17. Allowance for Credit Losses

Trade Receivables

Moving and Storage has two primary components of trade receivables, receivables from corporate customers and credit card receivables from customer sales and rental of equipment. The Company rents equipment to corporate customers for which payment terms are 30 days.

The Company performs ongoing credit evaluations of its customers and assesses each customer’s credit worthiness. In addition, the Company monitors collections and payments from its customers and maintains an allowance based upon applying an expected credit loss rate to receivables based on the historical loss rate from similar high-risk customers adjusted for current conditions, including any specific customer collection issues identified, and forecasts of economic conditions. For credit card receivables, the Company uses a trailing 13-month average historical chargeback percentage of total credit card receivables to estimate a credit loss reserve. Delinquent account balances are written off after management has determined that the likelihood of collection is remote.

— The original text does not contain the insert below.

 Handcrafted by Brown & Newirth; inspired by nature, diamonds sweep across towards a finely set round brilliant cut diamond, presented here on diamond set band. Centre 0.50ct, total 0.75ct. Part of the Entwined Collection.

We believe that the historical loss information it has compiled is a reasonable base on which to determine expected credit losses for trade receivables because the composition of trade receivables as of that date is consistent with that used in developing the historical credit loss percentages (i.e., the similar risk characteristics of its customers and its lending practices have not changed significantly over time). To adjust the historical loss rates to reflect the effects of these differences in current conditions and forecasted

changes, management assigns a rating to each customer which varies depending on the assessment of risk. Management estimated the loss rate at approximately 4% as of June 30, 2025 and March 31, 2025. Management developed this estimate based on its knowledge of past experience for which there were similar improvements in the economy. As a result, management applied the applicable credit loss rates to determine the expected credit loss estimate for each aging category. Accordingly, the allowance for expected credit losses as of June 30, 2025 and March 31, 2025 was $5.5 million and $5.1 million, respectively.

Accrued Interest Receivable

Accrued interest receivables on available for sale securities totaled $28.9 million and $29.4 million as of June 30, 2025 and March 31, 2025, respectively, and are excluded from the estimate of credit losses.

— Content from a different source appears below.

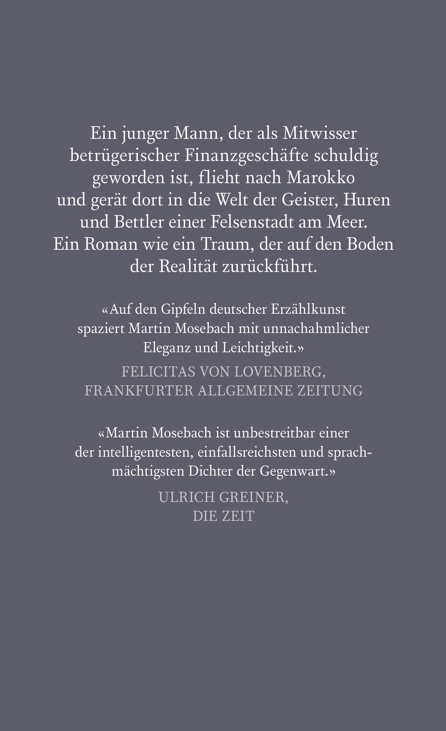 Virtuos inszeniert Martin Mosebach den Zusammenprall der Welten. … So klug, so kenntnisreich und anschaulich wurde in der deutschen Gegenwartsliteratur lange nicht mehr über die arabische Welt geschrieben. Also, lesen Sie Mogador!

We have elected not to measure an allowance on accrued interest receivables as our practice is to write off the uncollectible balance that is 90 days or more past due. Furthermore, we have elected to write off accrued interest receivables by reversing interest income.

Mortgage Loans, Net

Loans that management has the intent and ability to hold for the foreseeable future, or until maturity or payoff, are reported at amortized cost. Modeling for the Company’s mortgage loans is based on inputs most highly correlated to defaults, including loan-to-value, occupancy, and payment history. Historical credit loss experience provides additional support for the estimation of expected credit losses. In assessing the credit losses, the portfolio is reviewed on a collective basis, using loan-specific cash flows to determine the fair value of the collateral in the event of default. Adjustments to this analysis are made to assess loans with a loan-to-value of 65% or greater. These loans are evaluated on an individual basis and loan specific risk characteristics such as occupancy levels, expense, income growth and other relevant available information from internal and external sources relating to past events, current conditions, and reasonable and supportable forecasts.

When management determines that credit losses are expected to occur, an allowance for expected credit losses based on the fair value of the collateral is recorded.

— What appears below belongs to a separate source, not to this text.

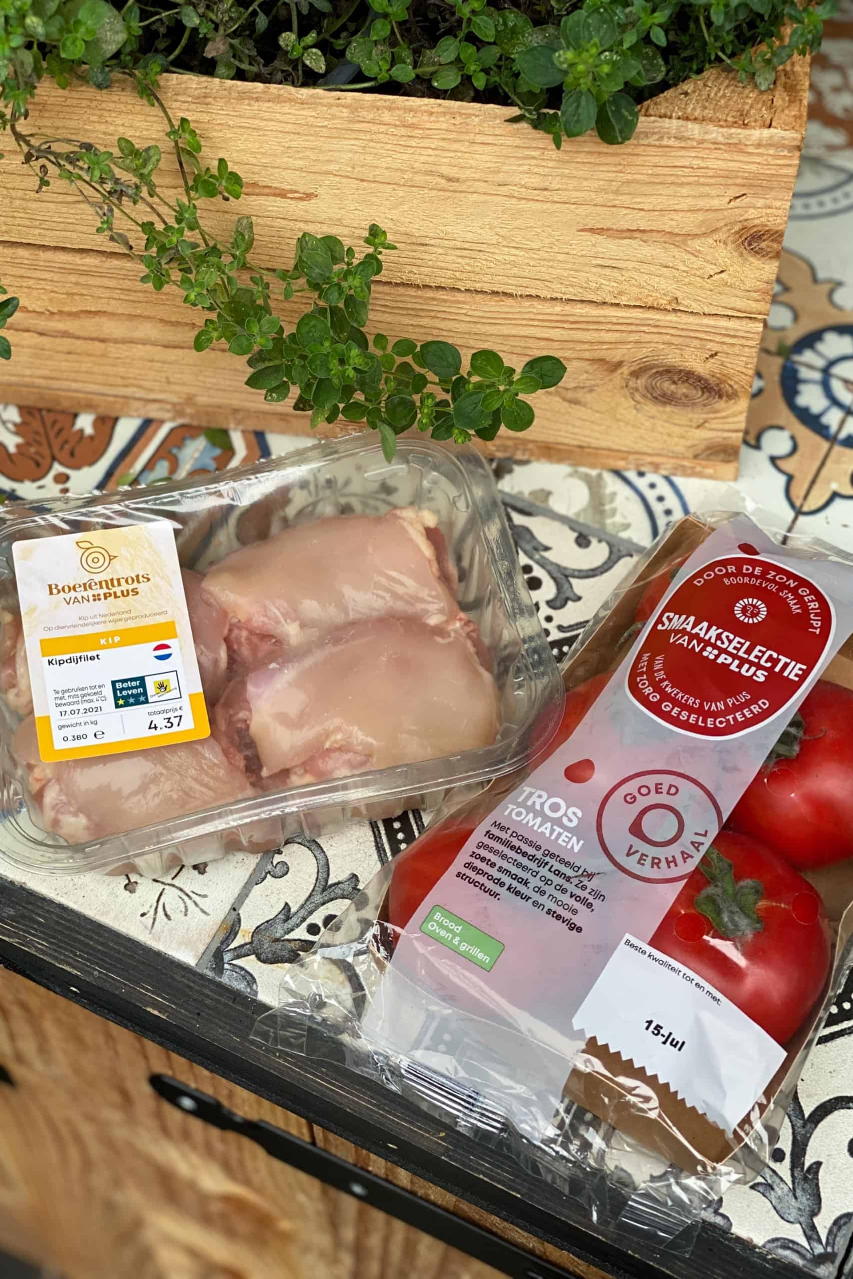 Voor de trostomaten adviseer ik altijd de PLUS Smaakselectie tomaten, die zijn echt top! Verder heb je onder andere eieren, wortel, aardappel, doperwten en wat specerijen nodig. Valt reuze mee eigenlijk voor zo’n zalige tajine met kip.

There were no delinquent commercial mortgage loans as of June 30, 2025 and March 31, 2025. As of June 30, 2025 and March 31, 2025, the Company had no commercial mortgage loans in non-accrual status. The Company had no unfunded commitment balance to commercial loan borrowers as of June 30, 2025.

Reinsurance Recoverables

Reinsurance recoverables on paid and unpaid benefits was less than 1% of the total assets as of June 30, 2025, which is immaterial based on historical loss experience and high credit rating of the reinsurers.

Premium Receivables

Premium receivables were $1.0 million and $4.1 million as of June 30, 2025 and March 31, 2025, respectively, in which the credit loss allowance is immaterial based on our ability to cancel the policy if the policyholder does not pay premiums.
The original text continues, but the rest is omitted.